Kirk Cameron is so much sexier now that he has aged a bit and is playing a serious character.
Like my granny always said, It's okay to look at the menu as long as you eat at home.
O M G ... As I was reading and feeling sorry for situation I just kept thinking to myself, "ha ... you're probably good in bed." And then you said it. A woman knows these things about other women.
Like, I am not a lesbian but if I was one, well I'd probably be really good at it. I'd be willing to bet the same thing about you.
I laughed out loud reading this post! You speak for a lot of us!
Seriously?? Don't do this to yourself woman. I felt inferior for 13 years trying to live up to the perfect mormon mother in-law. Cook because you want to, not because you feel like you are letting people down. (like husband) paaalllleease! There is nothing wrong with spaghetti! Or frozen skillet meals! And was the sex any better because you made a roast? So, why stress yourself? LIFE is too short!!!!
Awww thanks for your honesty. It makes some of us not feel so alone. :)
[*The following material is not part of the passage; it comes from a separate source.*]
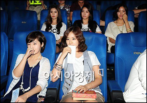 [아시아경제 박종규 기자] 영화 ‘고사 두 번째 이야기: 교생실습’(이하 ‘고사2’)에 출연하는 박지연을 위해 티아라 멤버들이 특별한 이벤트를 마련했다. 팬들과 함께 영화 관람에 나선 것.티아라 지연과 보람, 효민, 소연, 큐리 등은 26일 오후 6시 서울 강남구 압구정CGV에서 열린 영화 ‘고사2’ 특별 시사회 무대인사에 나섰다. 이날 시사회는 ‘고사2’의 공식 카페 회원 150여명이 참가한 가운데 진행됐다.지연은 ‘고사2’에서 조용하고 차분한 학생 세희 역을 맡아 열연했다. 첫 영화 출연임에도 불구하고 안정적인 연기가 빛났다. KBS2 드라마 ‘공부의 신’에서 성공적으로 배우 신고식을 마친 지연은 이번에도 학생으로 등장했다.팬들의 열광 속에 모습을 드러낸 티아라는 소감을 한마디씩 밝혔다. 상기된 표정으로 마이크를 잡은 지연은 “시사회에 와 주셔서 감사하다. 재밌게 봐주셨으면 좋겠다”고 말했고, 보람도 “지연이가 영화에 출연해서 기분이 좋다”며 막내 지연에게 힘을 실어줬다.KBS2 예능 프로그램 ‘청춘불패’에 출연하고 있는 효민은 “지연이가 처음 영화에 데뷔한다고 해서 왔다. 팬 여러분들이 재밌게 봤으면 좋겠다”고 말한 데 이어 큐리는 “팬 여러분을 여기서 만나니 더 반갑다. 지연이가 스크린에 데뷔한다고 하니까 저희도 같은 멤버로서 떨리는 마음으로 지켜보겠다”라며 미소지었다. 소연도 “영화 '고사2' 입소문 많이 내달라”며 성원에 동참했다.티아라 멤버들의 무작위 추첨으로 뽑힌 팬들은 각각 멤버들의 옆자리에 앉아 영화를 감상했다. 티아라는 팬들에게 친필 사인 시디를 선물하기도 했다.‘고사2’의 홍보사 관계자는 “영화 개봉 직전 시사회라 더욱 관심이 집중됐다. 카페 회원 대부분이 티아라의 팬들이라 그런지 팬 미팅 분위기가 났다”며 “다른 출연자들에게 쏠린 관심보다 더 뜨거웠다”고 말했다.한편 '고사2'는 여름방학을 맞아 생활관에서 특별수업을 받던 중 의문의 살인이 시작되면서 모두의 목숨을 건 피의 고사를 치르는 우성고 모범생들의 생존게임을 그린다. 오는 28일 개봉. 박종규 기자 glory@사진 박성기 기자 musictok@ <ⓒ아시아경제 & 스투닷컴(stoo.com)이 만드는 온오프라인 연예뉴스>

You last comment was funny!
When my husband and I were just dating he came home to me in a french maid teddy ... I'd cooked a nice meal and had candles lit. I think we ate one bite of the food and then moved on to dessert! LOL
I never did that again 1) because I outgrew that little french maid outfit and 2) because I worked so hard on dinner and didn't get to really enjoy it! LOL
The Crock Pot is the way to go for just about anything.
Google "Crock Pot (enter the meat, vegetable, small children (oops - that is for the REALLY bad days)" and you will get about eleventy million recipes returned.
I haven't had much luck with whole birds though. They come out looking awful and require you to hurry with the preparation before someone sees it or they won't eat it.
Last night was a hot dog by the kitchen sink and tonight at my house is chicken alfredo (thank you Macaroni Grill fast helper box), salad and crescent rolls. I'm anything but consistent.
Wanna come over?
Umm...which shirt got stained?
You crack me up. I'd tell you to give yourself a break, but I don't think you need me to.